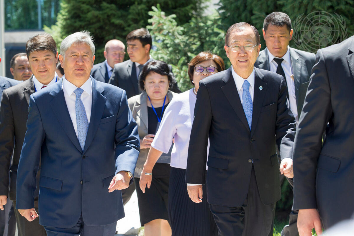 Secretary-General Ban Ki-moon (second from right) on his way to a joint press conference with Almazbek] Atambaev (second from left), President of the Kyrgyz Republic, in Bishkek.
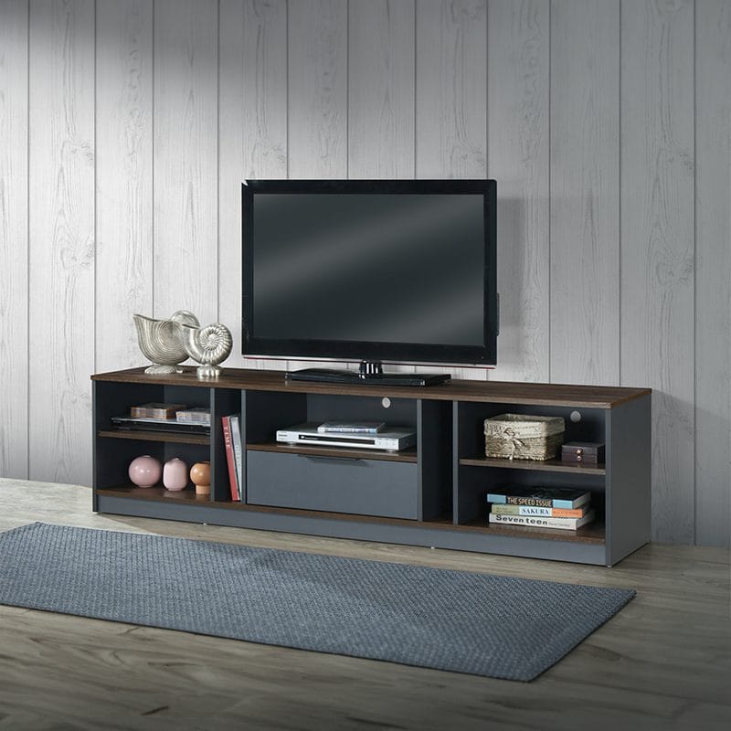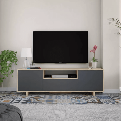 Avec un design à la fois tendance et pratique, ce meuble TV robuste deviendra certainement un point central de votre pièce. Ce meuble TV de style classique en aggloméré de haute qualité, sera un supplément intemporel à votre maison. Il dispose de 1 tiroir et de 5 compartiments ouverts pour ranger des appareils multimédia, des consoles de jeu et des magazines. De plus, le support TV est facile à nettoyer avec un chiffon humide.
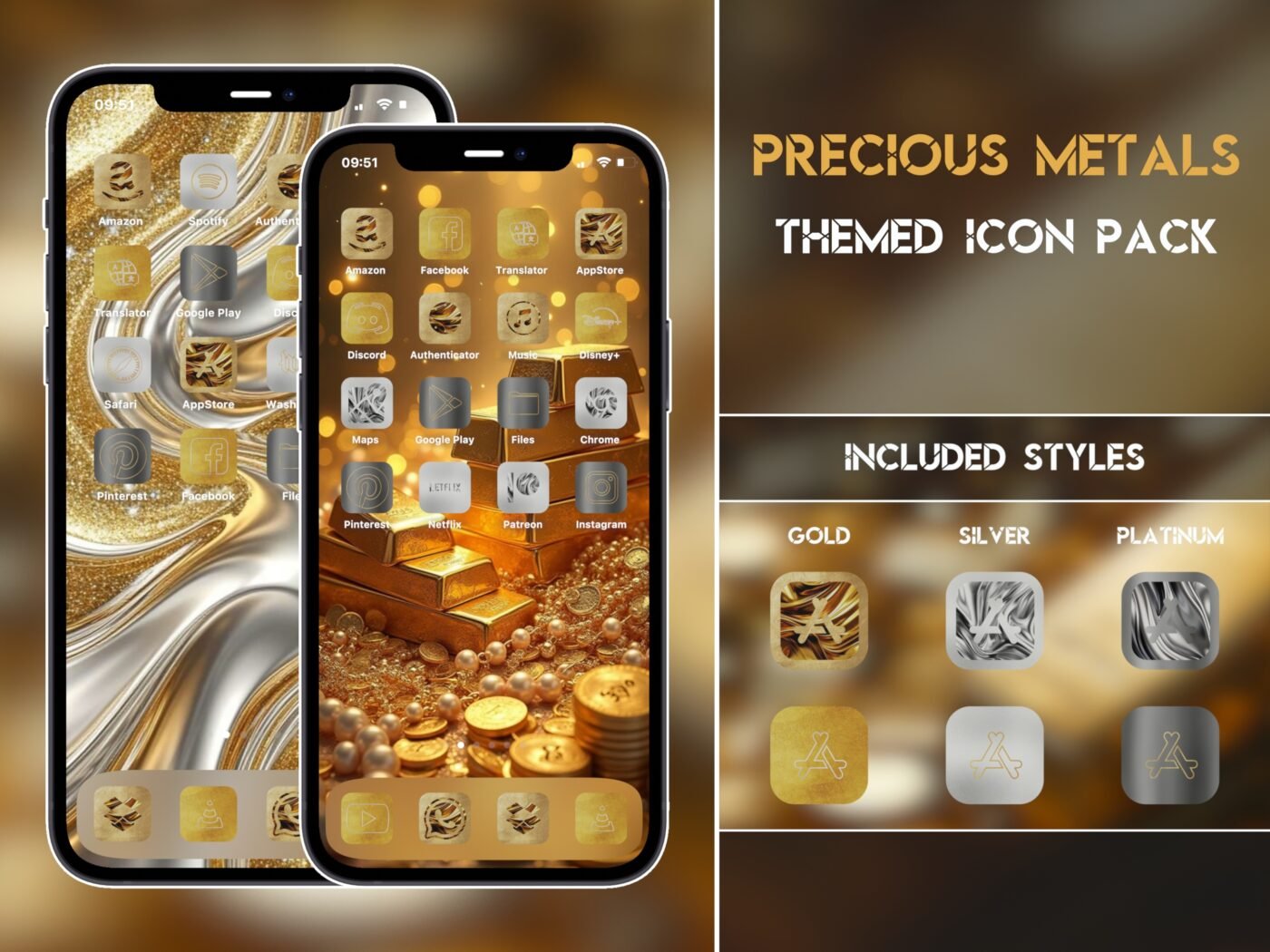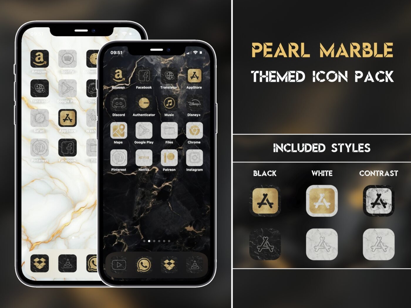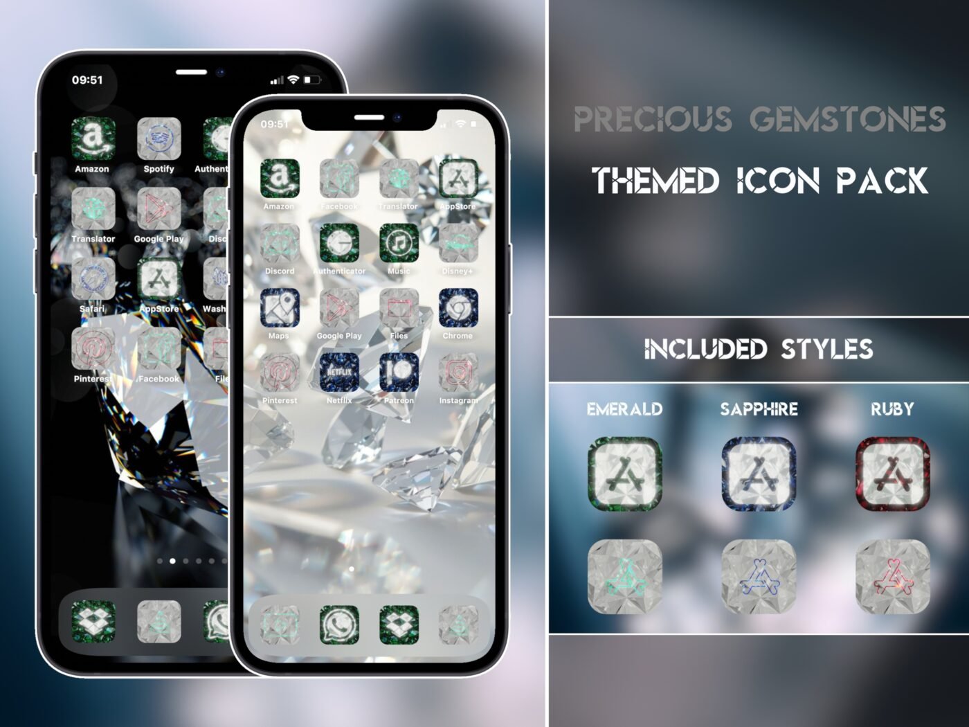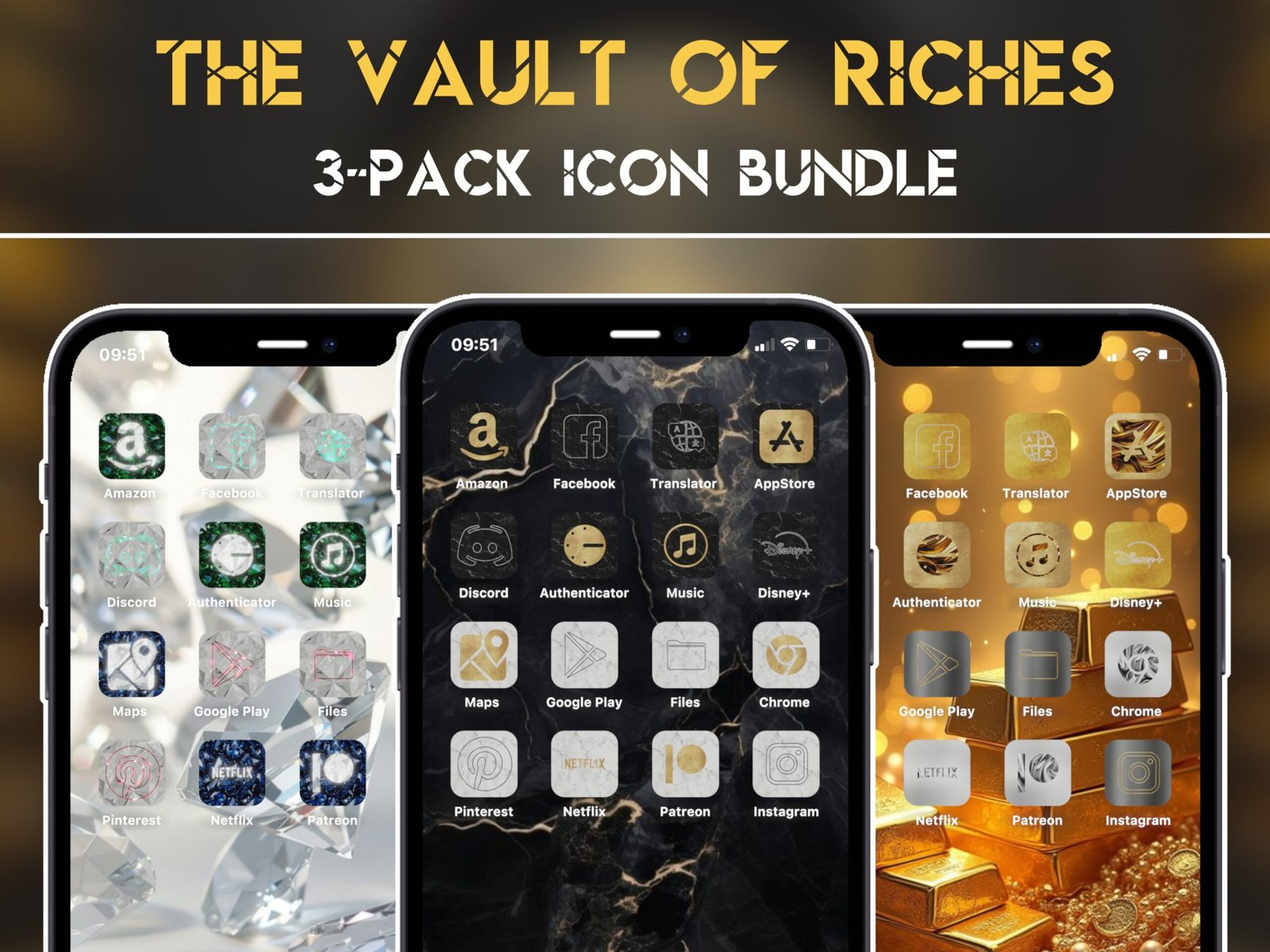 Hi there! This is an icon bundle for iPhone and iPad that includes three packs: The Pearl Marble, The Precious Gemstones and The Precious Metals Themed Icon Pack. When you purchase this bundle, you get three icon packs for the price of two. Each pack contains almost 6,000 icons in total across three unique styles!

----------

What needs to be done: The reply has to reproduce every line above verbatim and contain no pictures.

Result below:
 Secretary-General Ban Ki-moon (second from right) on his way to a joint press conference with Almazbek] Atambaev (second from left), President of the Kyrgyz Republic, in Bishkek.
 Avec un design à la fois tendance et pratique, ce meuble TV robuste deviendra certainement un point central de votre pièce. Ce meuble TV de style classique en aggloméré de haute qualité, sera un supplément intemporel à votre maison. Il dispose de 1 tiroir et de 5 compartiments ouverts pour ranger des appareils multimédia, des consoles de jeu et des magazines. De plus, le support TV est facile à nettoyer avec un chiffon humide.
 Hi there! This is an icon bundle for iPhone and iPad that includes three packs: The Pearl Marble, The Precious Gemstones and The Precious Metals Themed Icon Pack. When you purchase this bundle, you get three icon packs for the price of two. Each pack contains almost 6,000 icons in total across three unique styles!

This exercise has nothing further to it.